:: Work to complete ::
Exact transcription begins at the first line of the material below and ends with the line holding "Our elegant Fiore"; pictures are skipped.

:: Dataset section ::
▬▬▬▬▬▬▬▬▬▬

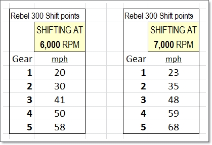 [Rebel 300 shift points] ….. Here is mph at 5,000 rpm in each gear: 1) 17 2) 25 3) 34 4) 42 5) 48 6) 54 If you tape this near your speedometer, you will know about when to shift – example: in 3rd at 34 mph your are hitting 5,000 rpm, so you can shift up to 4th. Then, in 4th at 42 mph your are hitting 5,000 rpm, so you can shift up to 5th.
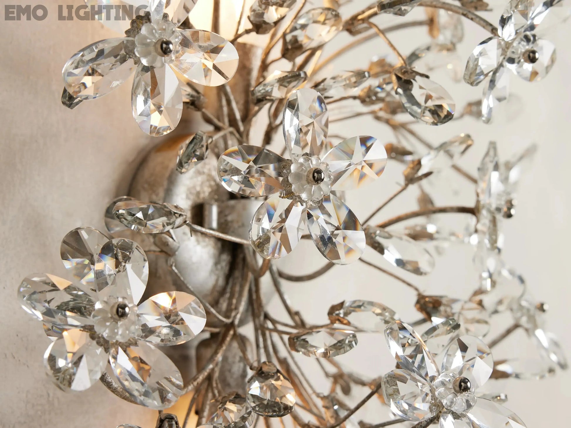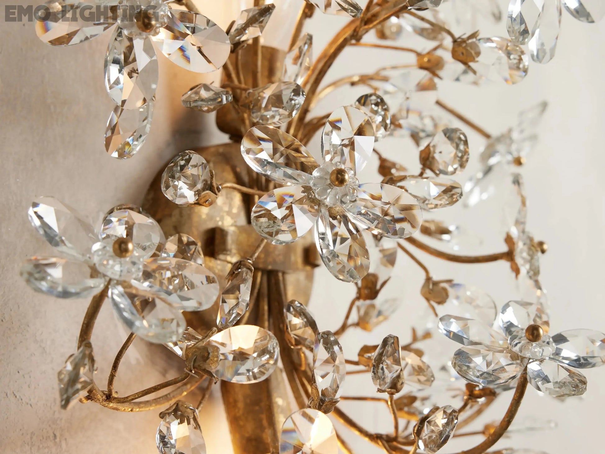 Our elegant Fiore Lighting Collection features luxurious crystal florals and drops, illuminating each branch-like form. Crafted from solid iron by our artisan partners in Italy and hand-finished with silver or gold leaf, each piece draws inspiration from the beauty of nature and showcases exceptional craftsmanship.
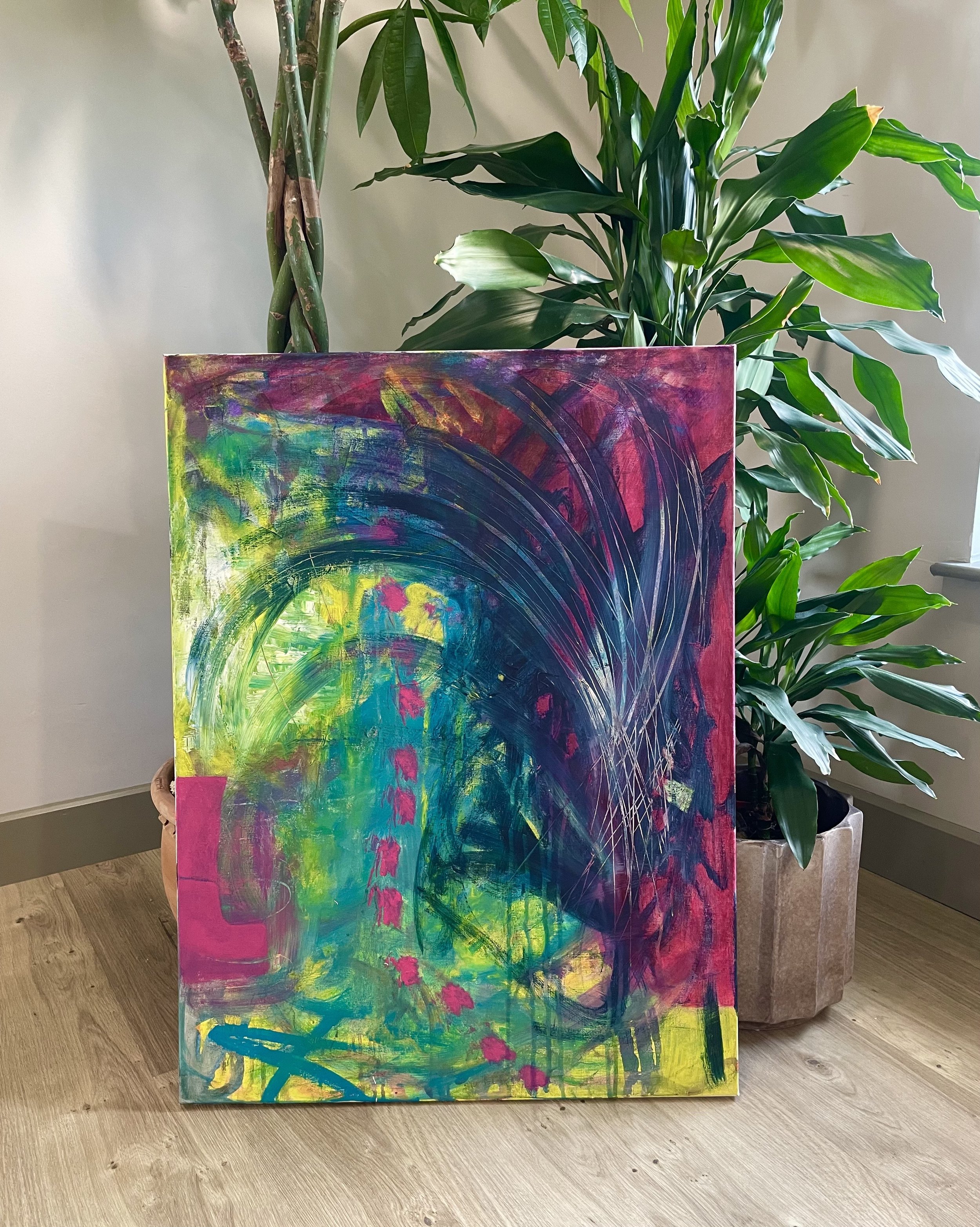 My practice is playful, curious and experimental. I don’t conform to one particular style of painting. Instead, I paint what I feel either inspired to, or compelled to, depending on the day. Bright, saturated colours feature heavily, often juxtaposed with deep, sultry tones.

▬▬▬▬▬▬▬▬▬▬

:: Result for this exercise ::
 [Rebel 300 shift points] ….. Here is mph at 5,000 rpm in each gear: 1) 17 2) 25 3) 34 4) 42 5) 48 6) 54 If you tape this near your speedometer, you will know about when to shift – example: in 3rd at 34 mph your are hitting 5,000 rpm, so you can shift up to 4th. Then, in 4th at 42 mph your are hitting 5,000 rpm, so you can shift up to 5th.
 Our elegant Fiore Lighting Collection features luxurious crystal florals and drops, illuminating each branch-like form. Crafted from solid iron by our artisan partners in Italy and hand-finished with silver or gold leaf, each piece draws inspiration from the beauty of nature and showcases exceptional craftsmanship.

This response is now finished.